Problem to work on ▸ Please output only the lines running from the one that contains "Set the stitch" through the last line of the data below, exactly as they stand, with no pictures.

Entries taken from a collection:
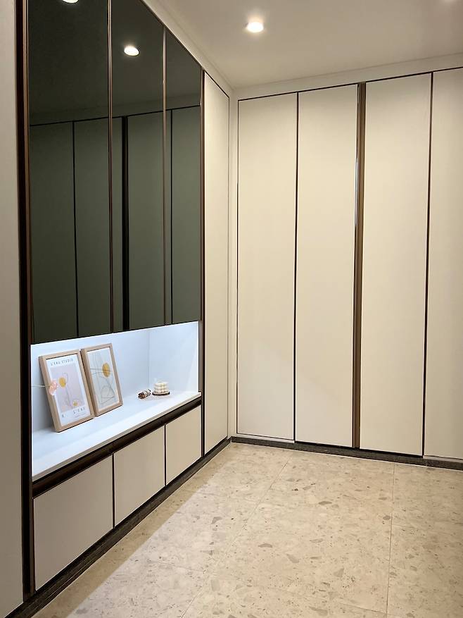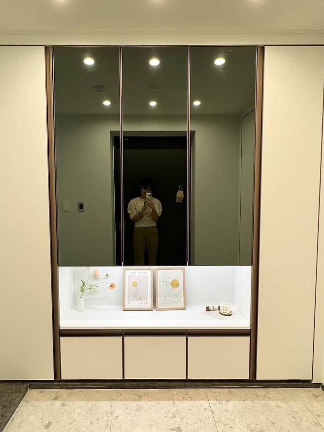 현관은 자꾸 아쉬운 부분만 눈에 들어와서 신발장 중간존이라도 꾸며봤어요. 셀프로 센서 led 선 조명 설치하고 액자와 오브제들을 놓았고 싫증날 때마다 소품들로 분위기를 바꿔주고 있답니다. 바닥 타일은 공사 당시 한창 유행이었던 600각 테라조타일로 했는데 무늬가 많아서 얼룩인지 무늬인지 구별이 안되어 밝은 색이지만 청소를 안해도 티가 덜나는 장점(?)이 있어요 ㅋㅋㅋㅋ
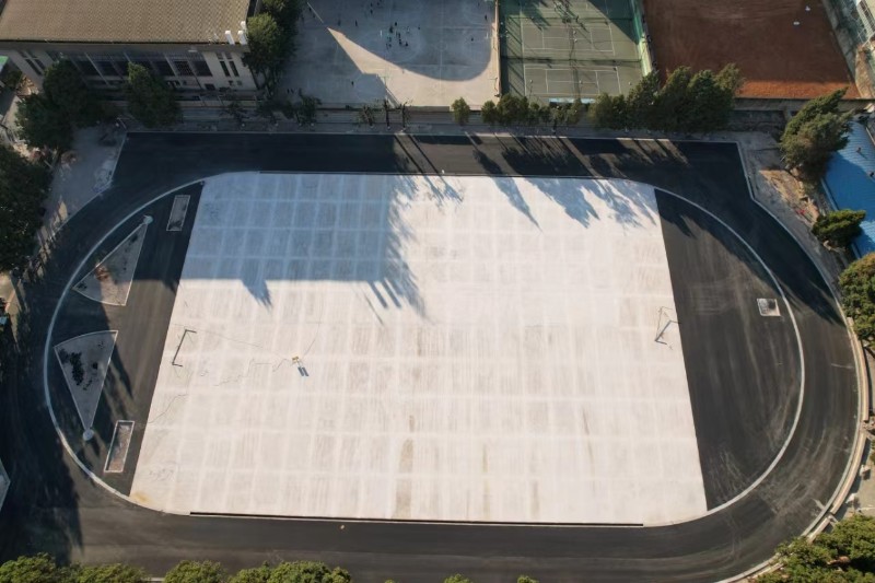 世界杯足球网理工大学莲华校区体育场修缮项目包含周边场地翻修,跑道、足球场、排水设施修缮、增加照明设施等施工内容,目前正进行跑道塑胶面层施工。
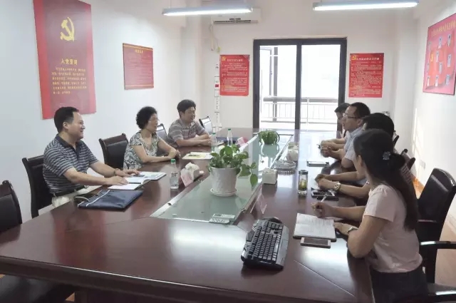 永业行董事长方国成、总裁潘世炳、市场品牌部负责人杨雪莲、人力资源部负责人杨乐热情接待了刘局长一行。董事长方国成感谢省工商局一直以来对永业行的关怀和帮助,总裁潘世炳从业务发展、永业行建设、商标管理等方面汇报了永业行基本情况。
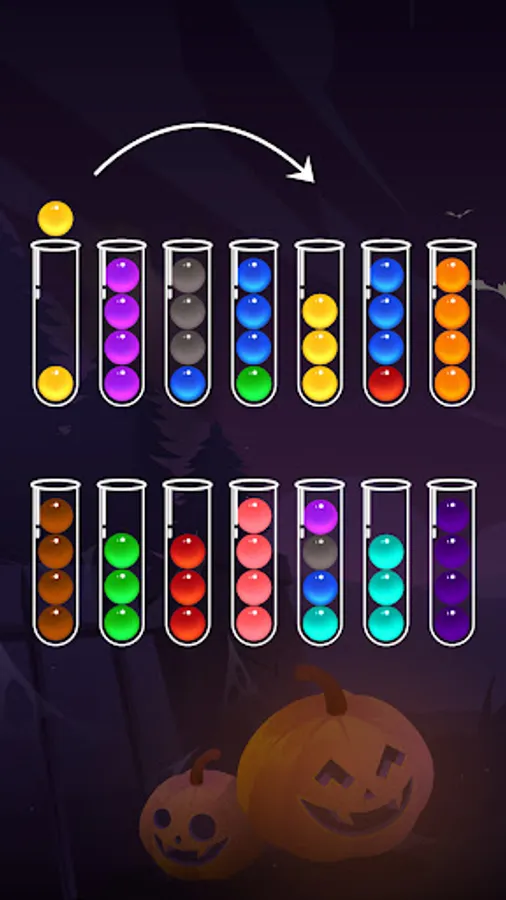• Tap any tube to move the ball lying on top of the tube to another tube.
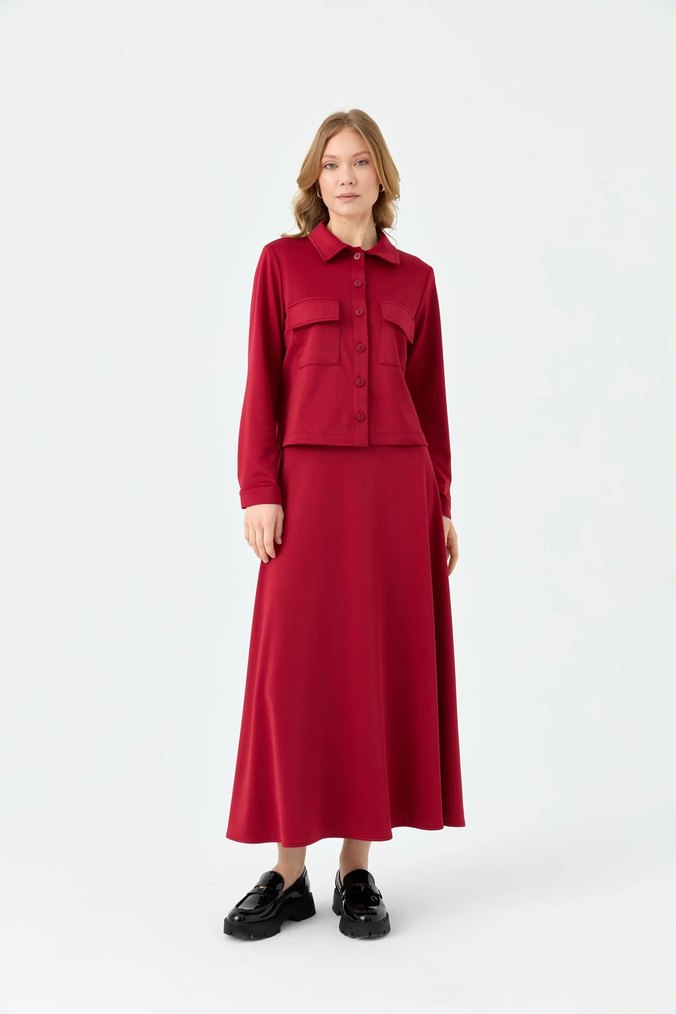 Bordo renkli, uzun kollu ve çıtmalı yaka detaylı bu uzun elbise, sentetik kumaştan yapılmıştır. Normcore ve minimalist tarzıyla ofis için uygundur. Rahat ve şık görünüm sunar.
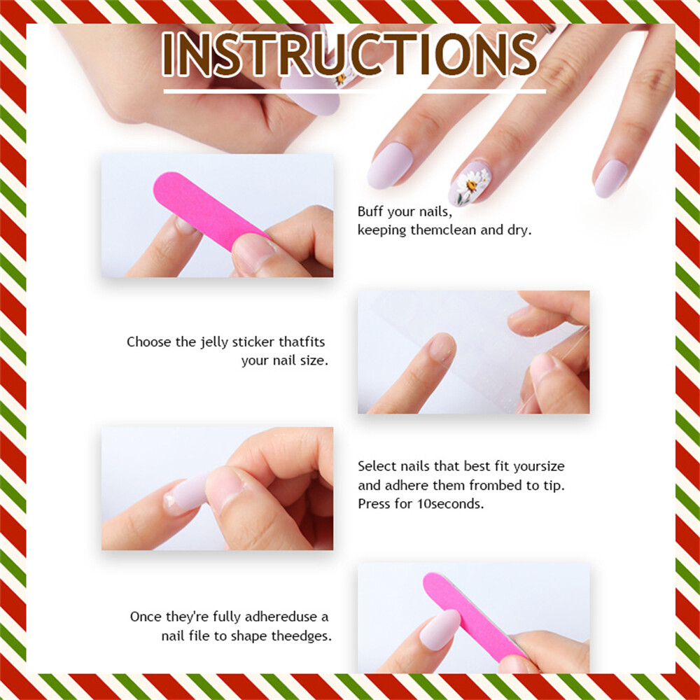 Type : False nails/Press on nails/Stick on nails/Nails Tips 100% New and high quality Color: Multicolored Material: ABS Plastic Package Includ ed: 2 4pcs False Nails with glue Feature: Full cover/Glue Included/Pre-designed/Durable/Detachable 1.This false nails are easy to file, paint and apply. It looks natural and nice holding the color without separating or streaking, making your tips magical and stylish. 2.Easy to use according to your option to wear them long or clip them short, easy to trim and file them to any length and shape you like. Mutiple application: The false nails are great for learners at all stages,suitable for nail salons and diy nail art at home,easy to remove,which are wonderful gifts for your wife,girlfriend,mother or sisters,as well as they are great fro parties,weddings,costume ball,Halloween,Christmas,etc. How to apply? 1. Trim the sides and cuticle area for an accurate fit. 2. Select the correct size of fake nails for each finger. 3. Apply our glue sticker on your nails. 4. Put on the fake nails. 5. Press on them for 10 seconds. 6. Art manicure finished. How to remove? 1. Soak in warm water for about 2 minutes and adhesive tabs can be removed easier. 2.Gently peel off the fake nails from the sides. Note: The nail piece is measured by hand in kind, there may be a little gap, hope for understanding!
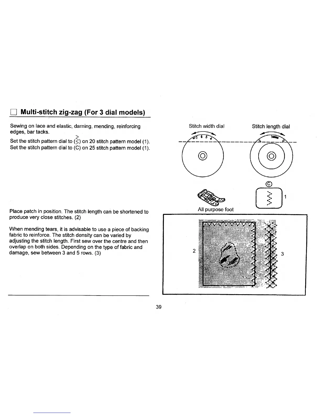 Set the stitch pattern dial to (C) on 25 stitch pattern model (1).
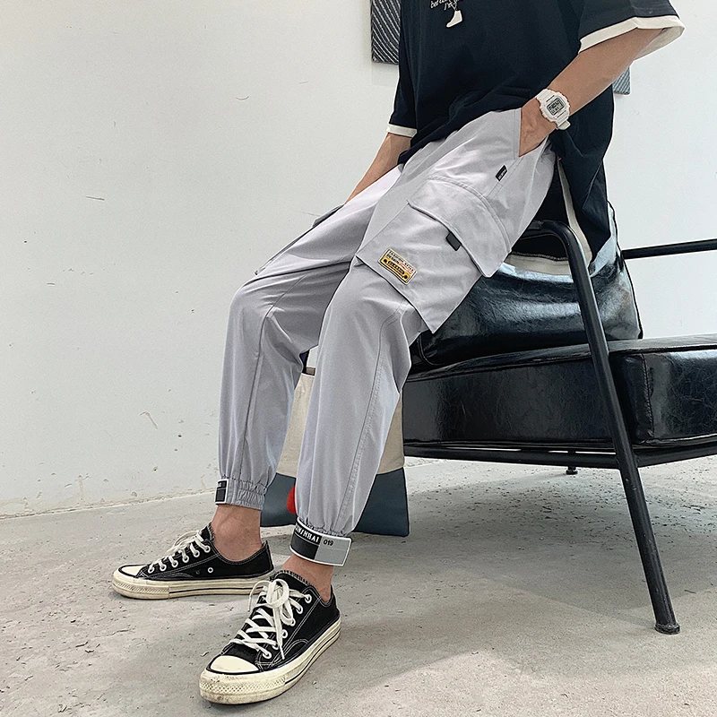 Мужские брюки-карго, с несколькими карманами, с эластичной резинкой на талии, шаровары, хип-хоп, повседневные, свободные, спортивные штаны, 2020

Reply ▸
 Set the stitch pattern dial to (C) on 25 stitch pattern model (1).
 Мужские брюки-карго, с несколькими карманами, с эластичной резинкой на талии, шаровары, хип-хоп, повседневные, свободные, спортивные штаны, 2020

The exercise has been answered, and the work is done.